Inhibition of gelatinase activity reduces neural injury in an ex vivo model of hypoxia-ischemia

Abstract

Perinatal hypoxia-ischemia (H-I) often manifests as cognitive and/or motor disturbances that appear early in development. Growing evidence indicates that neuroinflammation may exacerbate H-I injury. Resident microglia release proinflammatory cytokines and proteases in response to ischemia. Matrix metalloproteinases (MMPs), in particular, activate cytokines and degrade basement membrane proteins. These actions ultimately permit entry of peripheral leukocytes into the CNS neuropil, enhancing neuroinflammation and cell death. Currently, the relative contributions of resident and peripheral immune cells to ischemic brain injury are unclear. The present study employed an ex vivo model of H-I through oxygen glucose deprivation (OGD) to identify the cellular localization of MMP-9 in organotypic hippocampal slices from rat, and to determine whether inhibiting gelatin-degrading MMPs affords neuroprotection in the absence of peripheral immune cells. Immunohistochemistry revealed ubiquitous neuronal MMP-9 expression in both normoxic and hypoxic slices. Increased MMP-9 expression was detected in CD11b-positive microglia after 48 h exposure to OGD relative to normoxic controls. Consistent with these data, in situ zymography showed increased gelatinolytic activity after OGD. Gelatin-cleaved fluorescence localized to astrocytic processes and somata of various cellular morphologies. Treatment with either the MMP inhibitor AG3340 (prinomastat) or minocycline dampened OGD-induced gelatinolytic activity and neural injury, as measured by Fluoro-Jade staining, relative to vehicle controls. These results show that resident microglia, in the absence of peripheral immune cells, were sufficient to enhance neural injury after OGD in the organotypic hippocampal slice.
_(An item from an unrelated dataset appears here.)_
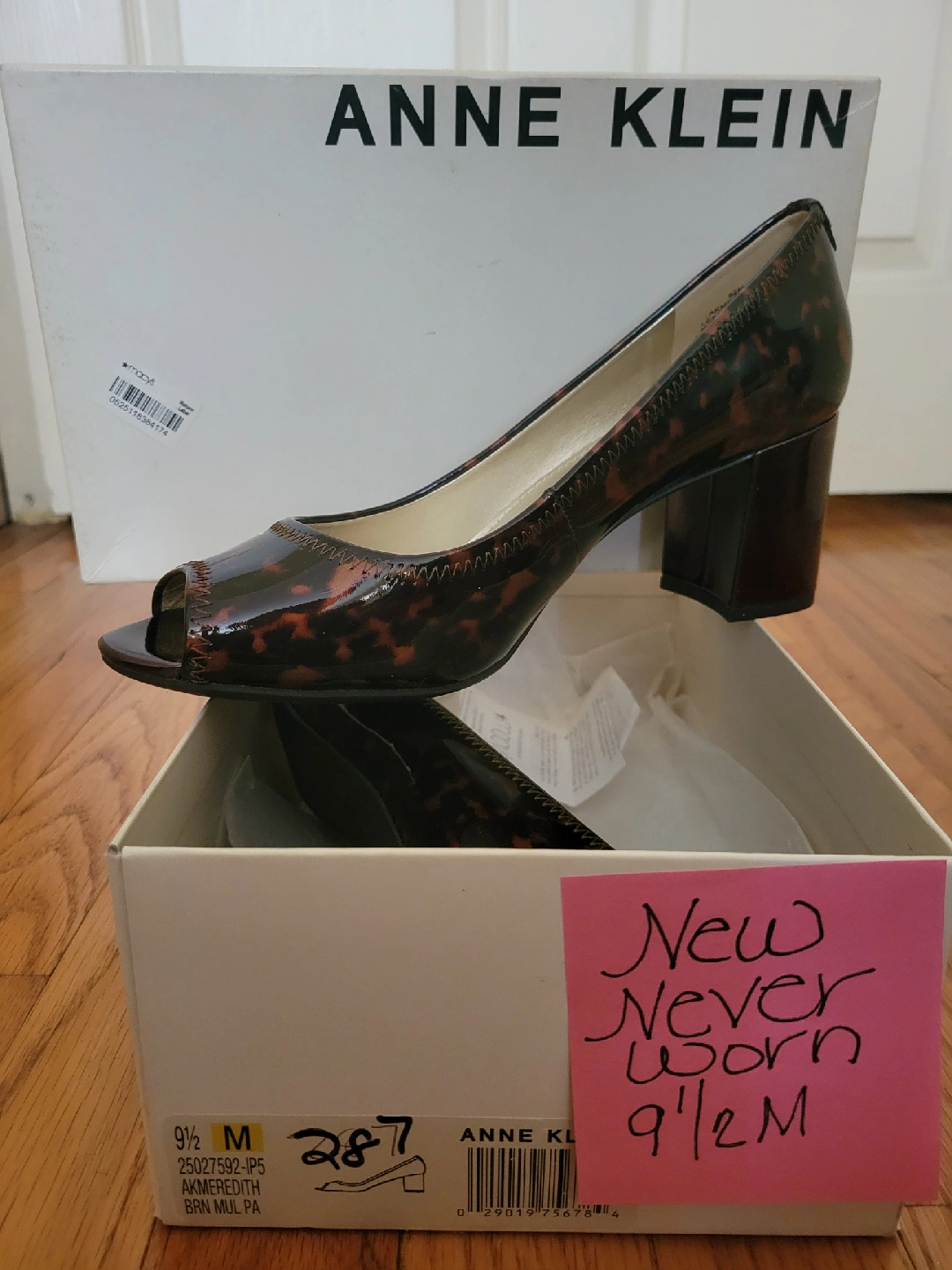 These are brand new Anne Klein AKMeredith heels, never worn! They are a size 9.5M and come in the original box. The color is BRN MUL PA (Brown Multi Patent).
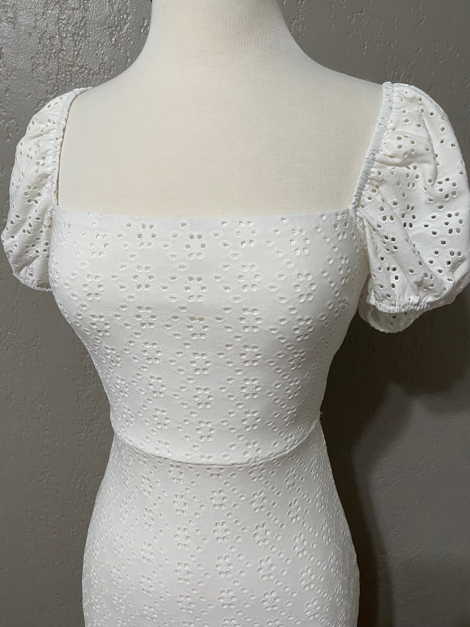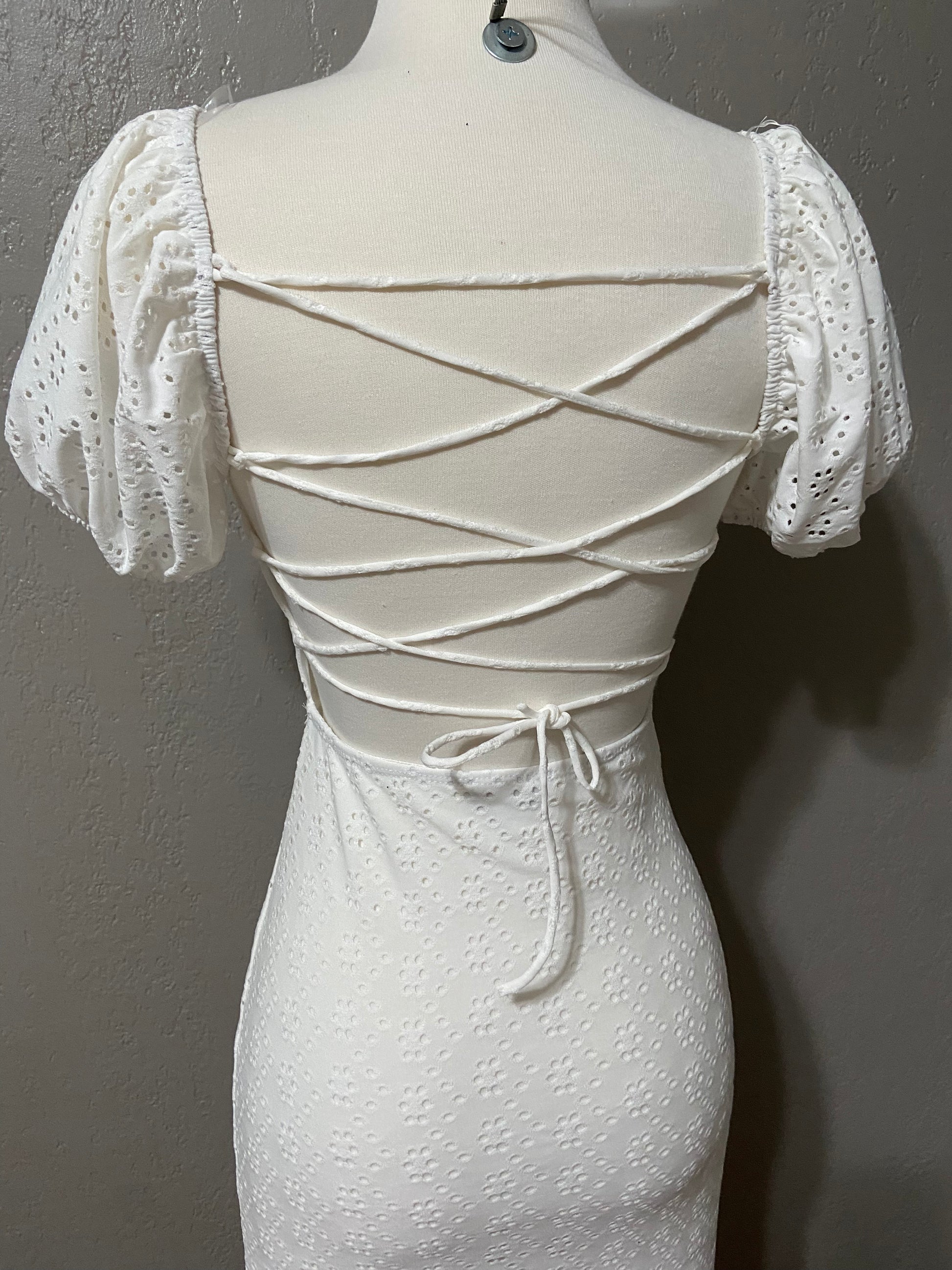 White bodycon mini dress with puffy sleeve. Square-neck front. Open tie back. Eyelet material.

Additionally, these effects were associated with upregulation or secretion of MMP-9, and were blocked after treatment with either the gelatinase-selective compound AG3340 or the anti-inflammatory compound minocycline. These data, coupled with the effectiveness of these compounds previously shown in vivo, support the selective targeting of gelatin-degrading MMPs and activated microglia as potential therapeutic approaches to combat neonatal H-I injury.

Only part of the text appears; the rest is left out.